Postcards
- First edition cover
- Author: Annie Proulx
- Language: English
- Genre: Novel
- Publisher: HarperCollins
- Publication date: 1992
- Publication place: United States
- Media type: Print (hardback & paperback)
- Pages: 340 pp
- ISBN: 0-00-654668-4

= Postcards (novel) =

1992 novel by Annie Proulx

Postcards is E. Annie Proulx's 1992 novel about the life and travels of Loyal Blood across the American West. Postcards has been likened by David Bradley to a Great American Novel. It is the predecessor to Proulx's award-winning The Shipping News. Postcards cuts between stories of Loyal's travels and the stories of his family back in Vermont, to whom he sends irregular postcards about his life and experiences. Loyal never leaves a return address, so is unable to hear back from his family and therefore misses all the news from home, including the death of his father and mother, the sale of the family farm, and the marriage of his sister to a virtual stranger.

The novel's content provides a personal view of America in the 20th century, dealing with themes of war, industrialization, conservation and the American Dream.

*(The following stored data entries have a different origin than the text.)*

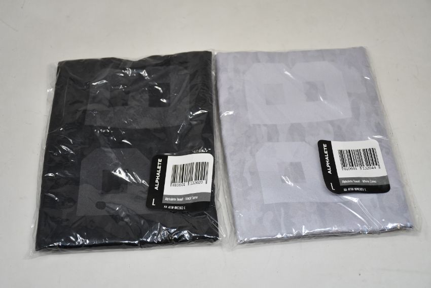 Fifty as new Alphalete PBNS towels; 25 in Silver Camo and 25 in Black Camo (RRP £13.00 each).
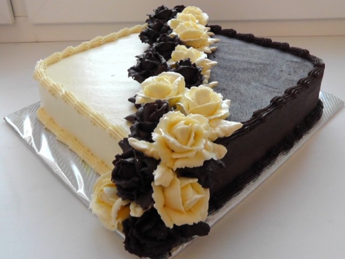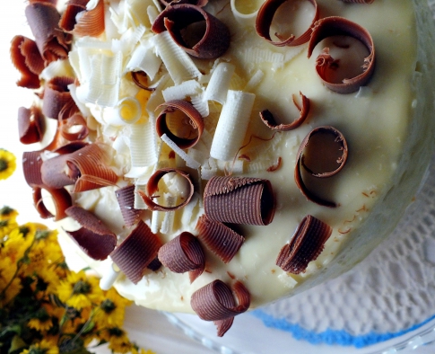 Цветы из белого шоколада будут великолепно смотреться на темном фоне тортика.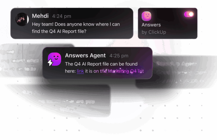 ClickUp includes multiple types of these ambient agents that can answer questions in chat, take actions as a part of your workflows, adapt to user feedback over time, and even update your company knowledge in the background.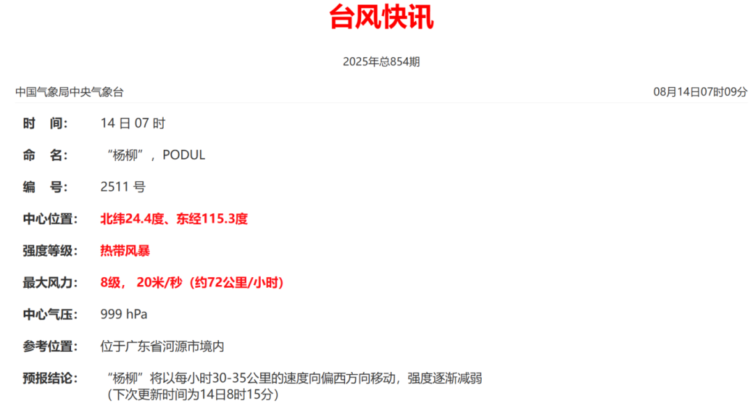 14日7时,台风“杨柳”位于广东省河源市境内,预计将以每小时30~35公里的速度向偏西方向移动,强度逐渐减弱。

It also provides a glimpse into the way a family unit is slowly destroyed due to this arrival of a new age. Fate is one of the chief themes of the novel: no matter how hard one works for a better life, fate may alter the outcome. Thus, the book has a naturalistic perspective.

Proulx wrote most of the novel while in residence at the Ucross Foundation in northern Wyoming, and moved to Wyoming a few years later.